:: Source material

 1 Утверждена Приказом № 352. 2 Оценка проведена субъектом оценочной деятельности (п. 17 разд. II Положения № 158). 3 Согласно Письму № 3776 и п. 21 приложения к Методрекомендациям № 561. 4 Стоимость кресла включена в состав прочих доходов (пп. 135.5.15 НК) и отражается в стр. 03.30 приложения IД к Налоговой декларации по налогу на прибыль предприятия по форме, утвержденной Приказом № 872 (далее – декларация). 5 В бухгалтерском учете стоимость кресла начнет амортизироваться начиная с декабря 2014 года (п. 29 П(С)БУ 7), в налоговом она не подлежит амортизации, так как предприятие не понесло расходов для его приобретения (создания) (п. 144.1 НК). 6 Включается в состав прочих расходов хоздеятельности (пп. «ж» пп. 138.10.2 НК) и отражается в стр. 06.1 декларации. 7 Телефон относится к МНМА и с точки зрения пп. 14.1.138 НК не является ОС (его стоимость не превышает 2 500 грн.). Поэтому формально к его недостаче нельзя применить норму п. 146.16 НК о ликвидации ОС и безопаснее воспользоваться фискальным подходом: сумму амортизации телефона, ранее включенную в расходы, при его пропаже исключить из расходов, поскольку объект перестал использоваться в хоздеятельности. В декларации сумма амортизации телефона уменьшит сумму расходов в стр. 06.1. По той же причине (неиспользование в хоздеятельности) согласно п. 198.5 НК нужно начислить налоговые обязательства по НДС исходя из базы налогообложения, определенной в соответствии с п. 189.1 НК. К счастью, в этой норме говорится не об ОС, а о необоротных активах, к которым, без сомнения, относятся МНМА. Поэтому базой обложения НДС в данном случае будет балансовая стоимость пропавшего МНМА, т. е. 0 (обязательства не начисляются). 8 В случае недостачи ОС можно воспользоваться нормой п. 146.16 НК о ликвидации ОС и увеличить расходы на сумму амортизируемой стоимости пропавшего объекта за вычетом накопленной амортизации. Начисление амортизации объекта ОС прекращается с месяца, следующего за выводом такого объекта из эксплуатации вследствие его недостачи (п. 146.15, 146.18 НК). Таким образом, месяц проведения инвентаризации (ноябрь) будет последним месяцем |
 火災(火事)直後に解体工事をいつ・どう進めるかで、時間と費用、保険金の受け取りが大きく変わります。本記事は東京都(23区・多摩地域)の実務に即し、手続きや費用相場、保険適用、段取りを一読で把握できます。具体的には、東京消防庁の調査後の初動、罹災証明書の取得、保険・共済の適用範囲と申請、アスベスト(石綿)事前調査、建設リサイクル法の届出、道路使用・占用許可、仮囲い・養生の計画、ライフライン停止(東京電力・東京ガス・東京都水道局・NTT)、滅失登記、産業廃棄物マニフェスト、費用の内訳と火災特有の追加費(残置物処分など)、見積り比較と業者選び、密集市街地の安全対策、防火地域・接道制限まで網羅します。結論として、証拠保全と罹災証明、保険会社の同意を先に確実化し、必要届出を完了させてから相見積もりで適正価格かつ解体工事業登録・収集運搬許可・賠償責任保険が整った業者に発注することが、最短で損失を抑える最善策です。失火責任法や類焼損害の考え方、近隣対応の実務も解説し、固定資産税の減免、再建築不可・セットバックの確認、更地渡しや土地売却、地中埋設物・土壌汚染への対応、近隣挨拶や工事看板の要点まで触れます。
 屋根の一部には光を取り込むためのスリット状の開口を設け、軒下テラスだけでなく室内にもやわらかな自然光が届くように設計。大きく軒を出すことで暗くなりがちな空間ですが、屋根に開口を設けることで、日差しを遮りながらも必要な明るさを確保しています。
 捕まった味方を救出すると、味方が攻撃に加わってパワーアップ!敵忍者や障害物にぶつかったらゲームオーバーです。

::::

== What needs to be done ==
Copy out only the lines from the one containing "火災(火事)直後に解体工事を" down to the last line of the material, keeping both ends.

== Response ==
 火災(火事)直後に解体工事をいつ・どう進めるかで、時間と費用、保険金の受け取りが大きく変わります。本記事は東京都(23区・多摩地域)の実務に即し、手続きや費用相場、保険適用、段取りを一読で把握できます。具体的には、東京消防庁の調査後の初動、罹災証明書の取得、保険・共済の適用範囲と申請、アスベスト(石綿)事前調査、建設リサイクル法の届出、道路使用・占用許可、仮囲い・養生の計画、ライフライン停止(東京電力・東京ガス・東京都水道局・NTT)、滅失登記、産業廃棄物マニフェスト、費用の内訳と火災特有の追加費(残置物処分など)、見積り比較と業者選び、密集市街地の安全対策、防火地域・接道制限まで網羅します。結論として、証拠保全と罹災証明、保険会社の同意を先に確実化し、必要届出を完了させてから相見積もりで適正価格かつ解体工事業登録・収集運搬許可・賠償責任保険が整った業者に発注することが、最短で損失を抑える最善策です。失火責任法や類焼損害の考え方、近隣対応の実務も解説し、固定資産税の減免、再建築不可・セットバックの確認、更地渡しや土地売却、地中埋設物・土壌汚染への対応、近隣挨拶や工事看板の要点まで触れます。
 屋根の一部には光を取り込むためのスリット状の開口を設け、軒下テラスだけでなく室内にもやわらかな自然光が届くように設計。大きく軒を出すことで暗くなりがちな空間ですが、屋根に開口を設けることで、日差しを遮りながらも必要な明るさを確保しています。
 捕まった味方を救出すると、味方が攻撃に加わってパワーアップ!敵忍者や障害物にぶつかったらゲームオーバーです。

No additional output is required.